Patient age was strongly associated with disease stage (Table 2). Among patients younger than 45 years, the vast majority (98.8%) were classified as AJCC Stage I, with only 2 patients (1.2%) having Stage II disease and none with Stage III or IV. In contrast, older patients (≥45 years) exhibited a broader distribution of stages: 75% were Stage I, while the remaining 25% were diagnosed with Stage II–IV disease. This difference was statistically significant (p < 0.001, Fisher’s exact test). This relationship remained significant when age was analyzed as a continuous variable. Patients with Stage I disease had a significantly lower mean age compared to those with Stage II–IV disease (38.2 ± 10.3 vs. 57.1 ± 15.9 years, respectively; p < 0.001, two-sample t-test). No significant associations were observed between sex and disease stage in our cohort (p=.857). While the overall association between BMI and AJCC stage did not reach statistical significance (p = 0.059), a more focused analysis revealed a significant relationship between high BMI and advanced disease. Specifically, all patients with Stage IV disease had a BMI ≥30, and this association was statistically significant (p = 0.006).
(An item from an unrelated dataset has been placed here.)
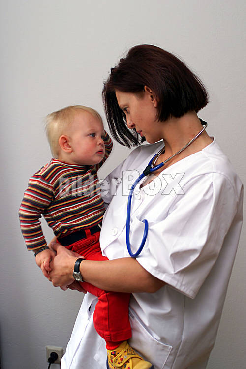 Beschreibung Aerztin mit Stetoskop und Kind...

The distribution of metastatic cases varied by region (Table 3), with the highest proportion observed in Dhofar, accounting for 5 cases (38%) of all metastases. Other regions with notable proportions included Muscat and Al Batinah (2 cases; 15% each), followed by Al Dakhiliyah, Ash Sharqiyah, Non-Omani patients (1 case each). Statistical analysis showed a strong association between Dhofar region and the presence of distant metastasis (p = 0.003) (Figure 2).
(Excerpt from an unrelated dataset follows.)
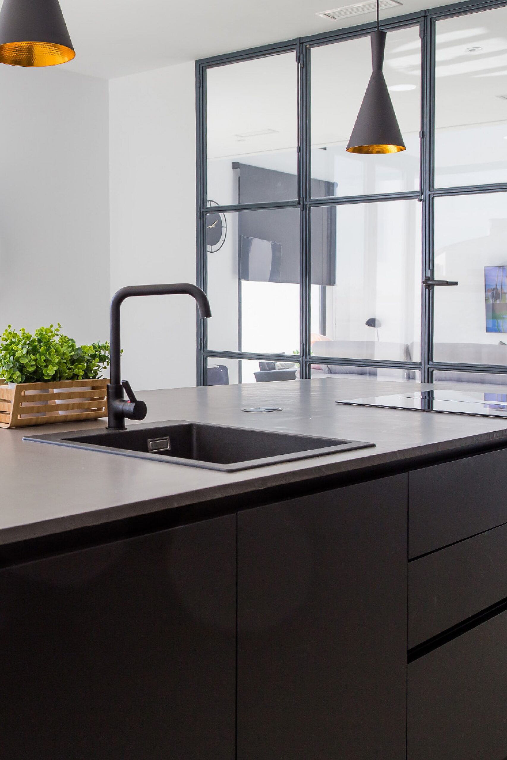 Del mismo modo, todos los electrodomésticos que se han integrado en el mobiliario (frigorífico, vitrocerámica, horno y microondas…), así como el fregadero y el grifo, son de color negro. ¡Hasta las piezas decorativas y los pequeños electrodomésticos son negros!

Table 2. AJCC stage by age group.
AJCC Stage Age <45 (%) Age ≥45 (%) Total
Stage 1 163 (76.2) 51 (23.8) 214
Stage 2 2 (20) 8 (80) 10
Stage 3 0 (0) 2 (100) 2
Stage 4 0 (0) 7 (100) 7
Total 165 (70.8) 68 (29.2) 233

AJCC: American Joint Committee on Cancer.
Table 3. Distribution of metastatic disease according to the region.
Region Number of metastatic cases (%)
Muscat 2 (16.7)
Dhofar 5 (41.7)
Al-Dakhiliyah 1 (8.3)
Al-Batinah 2 (16.7)
Ash Sharqiyah 1 (8.3)
Non-Omani 1 (8.3)
Missing 1 (8)

Figure 2.Proportion of metastatic disease by region
Journal of Thyroid Cancer - Differentiated thyroid cancer

Biochemical profile at baseline

At postoperative baseline, 43.2% of patients were biochemically hypothyroid (TSH > 4.3 mU/L). Median stimulated TSH was 100 mU/L (IQR: 75.7–100). The median thyroglobulin (TG) level was 0.6 ng/mL (IQR: 0.07–4.0), with 34.1% having TG < 0.2 ng/mL. Similarly, median stimulated TG was < 1ng/mL is 32.6% of the patients. Both suppressed and stimulated anti-thyroglobulin antibodies (TG-Abs) were negative (< 115 IU/mL) in 87.3% and 84.6% of cases. (Table 4)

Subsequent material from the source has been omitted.